- THE PROBLEM
Nothing outside the range below should be printed. Output exactly the lines from the line with "comprometidos con la" to the line with "An exquisite pair", both included.

- DATA UNDER STUDY
===
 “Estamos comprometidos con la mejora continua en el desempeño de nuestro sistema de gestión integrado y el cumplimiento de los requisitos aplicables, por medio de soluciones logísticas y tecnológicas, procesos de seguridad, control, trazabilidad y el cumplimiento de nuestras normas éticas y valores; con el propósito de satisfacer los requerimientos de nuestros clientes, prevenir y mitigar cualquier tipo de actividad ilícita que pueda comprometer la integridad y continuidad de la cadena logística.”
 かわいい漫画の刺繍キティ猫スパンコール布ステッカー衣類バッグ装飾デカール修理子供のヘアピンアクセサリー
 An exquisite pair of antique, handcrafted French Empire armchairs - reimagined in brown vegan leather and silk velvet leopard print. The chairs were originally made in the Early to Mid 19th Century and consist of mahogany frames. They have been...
===
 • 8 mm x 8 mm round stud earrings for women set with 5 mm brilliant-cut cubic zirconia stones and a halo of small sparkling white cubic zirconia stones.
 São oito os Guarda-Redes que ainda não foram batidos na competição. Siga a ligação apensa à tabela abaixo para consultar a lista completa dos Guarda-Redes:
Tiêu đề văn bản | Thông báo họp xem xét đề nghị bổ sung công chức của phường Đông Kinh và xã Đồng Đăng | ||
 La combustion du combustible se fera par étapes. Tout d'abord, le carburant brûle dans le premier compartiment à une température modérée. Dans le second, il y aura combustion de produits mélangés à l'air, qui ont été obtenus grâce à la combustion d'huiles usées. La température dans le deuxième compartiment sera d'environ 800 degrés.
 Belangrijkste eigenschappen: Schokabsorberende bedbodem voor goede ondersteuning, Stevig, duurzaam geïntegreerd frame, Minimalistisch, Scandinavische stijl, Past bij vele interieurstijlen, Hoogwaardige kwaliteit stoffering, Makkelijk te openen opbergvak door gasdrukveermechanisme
===
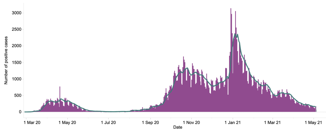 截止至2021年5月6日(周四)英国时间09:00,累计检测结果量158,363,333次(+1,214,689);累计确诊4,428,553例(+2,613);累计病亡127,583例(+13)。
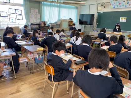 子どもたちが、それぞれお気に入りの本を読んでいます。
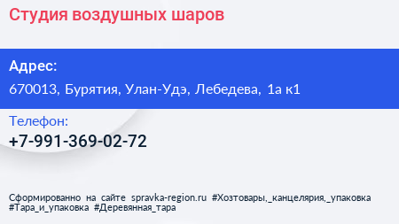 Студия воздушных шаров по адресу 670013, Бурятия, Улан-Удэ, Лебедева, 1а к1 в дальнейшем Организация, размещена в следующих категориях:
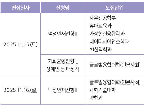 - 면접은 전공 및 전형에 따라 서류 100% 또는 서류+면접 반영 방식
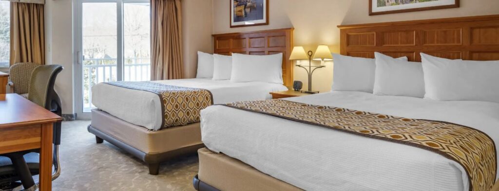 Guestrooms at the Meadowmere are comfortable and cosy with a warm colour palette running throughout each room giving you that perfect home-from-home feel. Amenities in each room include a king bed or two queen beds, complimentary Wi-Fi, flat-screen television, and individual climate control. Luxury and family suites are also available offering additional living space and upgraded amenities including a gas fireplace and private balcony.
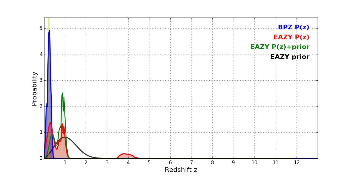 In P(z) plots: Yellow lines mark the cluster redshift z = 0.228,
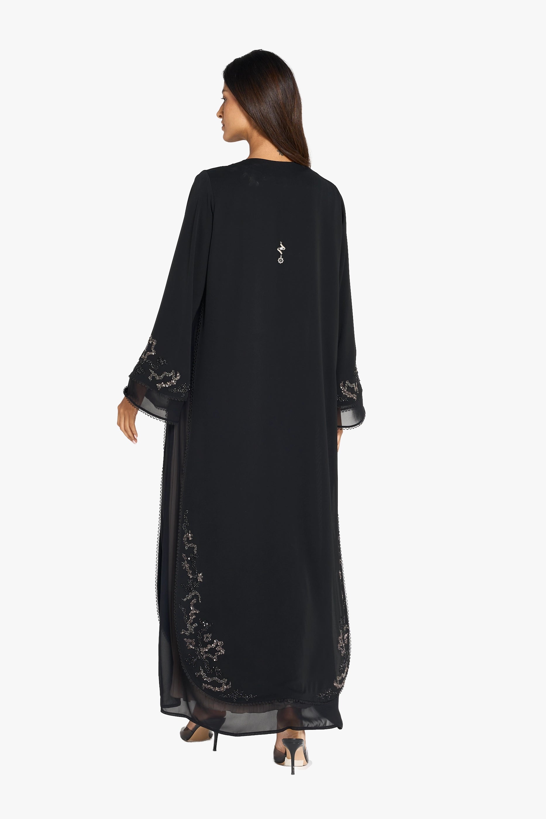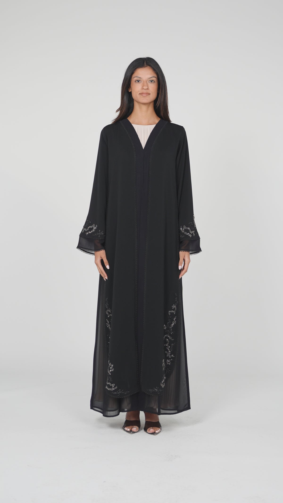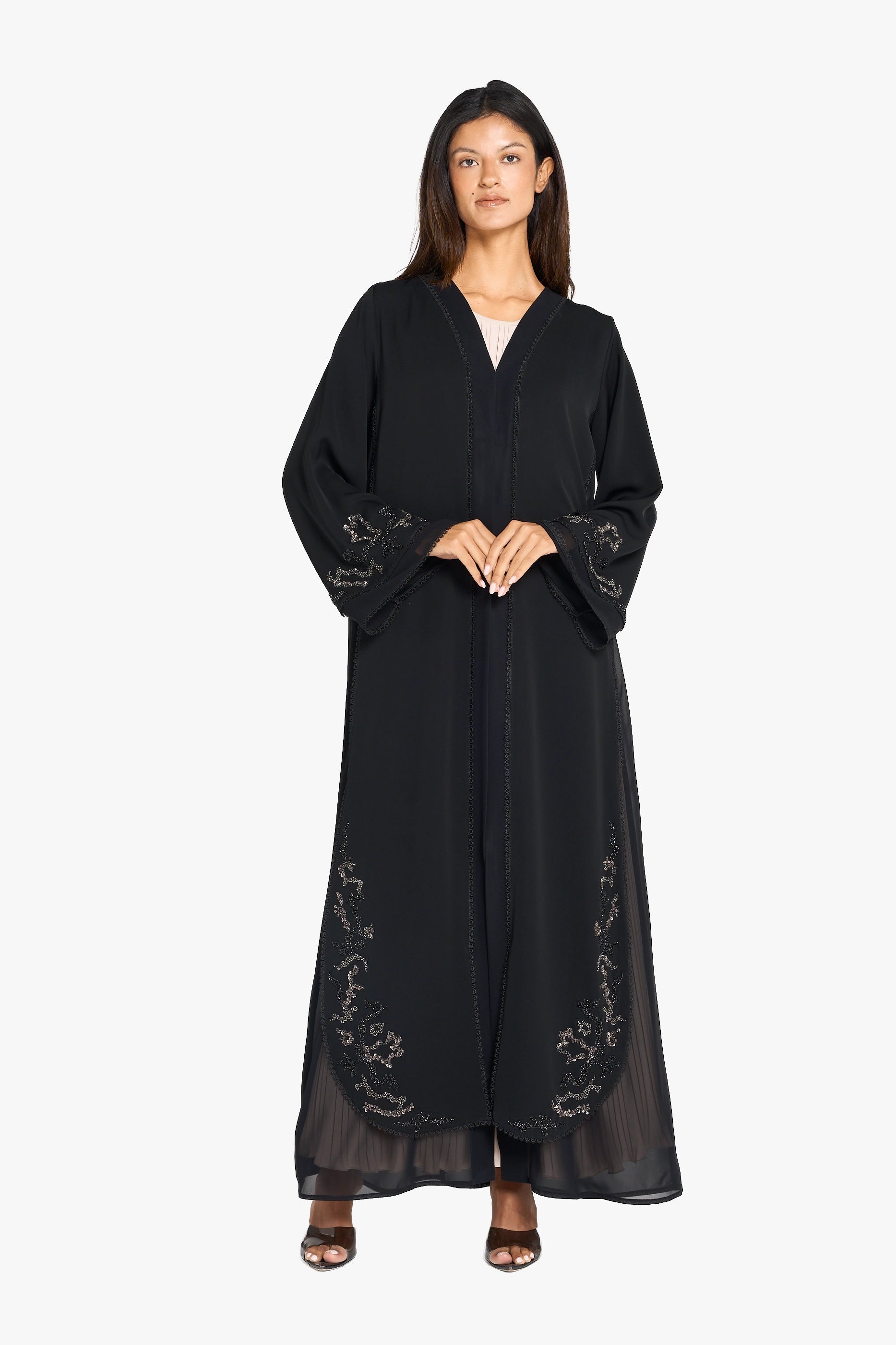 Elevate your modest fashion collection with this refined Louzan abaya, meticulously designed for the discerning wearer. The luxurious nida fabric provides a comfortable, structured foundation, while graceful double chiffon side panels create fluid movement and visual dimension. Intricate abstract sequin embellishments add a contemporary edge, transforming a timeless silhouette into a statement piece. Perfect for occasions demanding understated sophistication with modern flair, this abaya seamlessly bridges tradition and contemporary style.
===
- YOUR SOLUTION
 “Estamos comprometidos con la mejora continua en el desempeño de nuestro sistema de gestión integrado y el cumplimiento de los requisitos aplicables, por medio de soluciones logísticas y tecnológicas, procesos de seguridad, control, trazabilidad y el cumplimiento de nuestras normas éticas y valores; con el propósito de satisfacer los requerimientos de nuestros clientes, prevenir y mitigar cualquier tipo de actividad ilícita que pueda comprometer la integridad y continuidad de la cadena logística.”
 かわいい漫画の刺繍キティ猫スパンコール布ステッカー衣類バッグ装飾デカール修理子供のヘアピンアクセサリー
 An exquisite pair of antique, handcrafted French Empire armchairs - reimagined in brown vegan leather and silk velvet leopard print. The chairs were originally made in the Early to Mid 19th Century and consist of mahogany frames. They have been...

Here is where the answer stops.